Enfin, dans l'univers proposé par Joëlle Wintrebert, les femmes sont devenues rares... et donc chères. Les violeurs sont castrés au Ceres — institution psycho-carcérale destinée à détruire la personnalité des délinquants ou opposants et à les reprogrammer en conformité avec l'ordre social. De fait, tous les hommes du roman font l'objet d'une approche négative, exception faite du second frère de Sil, qui est un transsexuel. Nous sommes en présence d'un roman féministe plutôt que gauchiste, fondé sur la victimisation de la femme, bien que Wintrebert se démarque du courant général du féminisme en défendant les libertés individuelles qui sont d'ordinaire combattues en tant que moyens d'oppression masculins. Elle n'en prône pas moins, dans la conversation entre Maël et Khandjar, la guerre des sexes plutôt que la lutte des classes.

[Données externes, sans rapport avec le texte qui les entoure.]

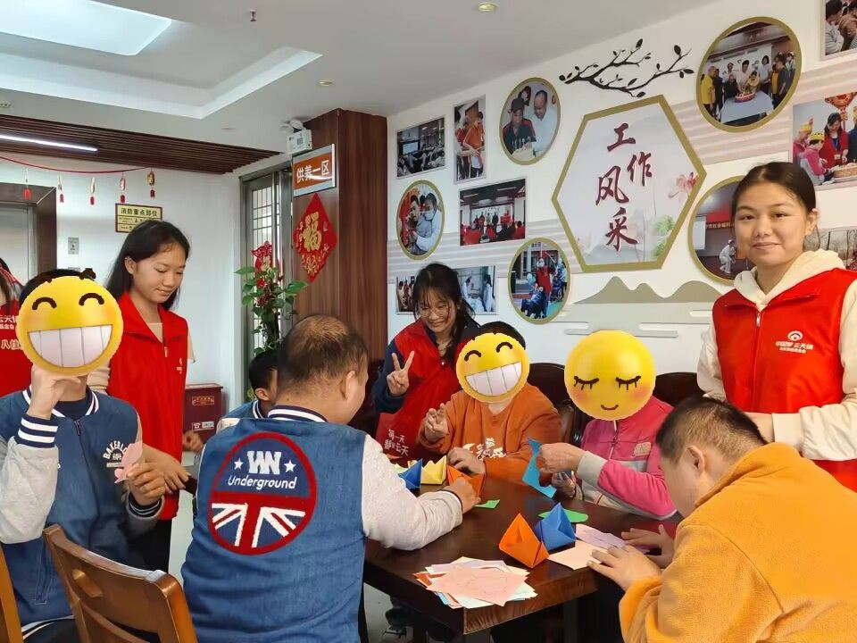 志愿者们到达后,与老人们嘘寒问暖,耐心倾听他们的故事,同他们聊天。随后,志愿者同老人们进行暖心游戏,大家一起剪纸,叠纸杯,写祝愿。在游戏的过程中,志愿者与老人们一起合作娱乐,老人们露出开心的笑容。最后,大家一起拍照留念,让时光定格在这一刻。

Les Olympiades truquées est l'un des chefs-d'œuvre de la S-F française qui méritait amplement sa troisième réédition afin que la nouvelle génération de lecteurs puisse le découvrir. Roman-phare de la S-F politique des années 75/85, où l'on retrouve toute la technophobie de la mouvance, il s'emploi à illustrer l'aphorisme dischien qui veut que tout progrès contribue à faire du monde un meilleur piège à rats. Malheureusement plus que jamais d'actualité.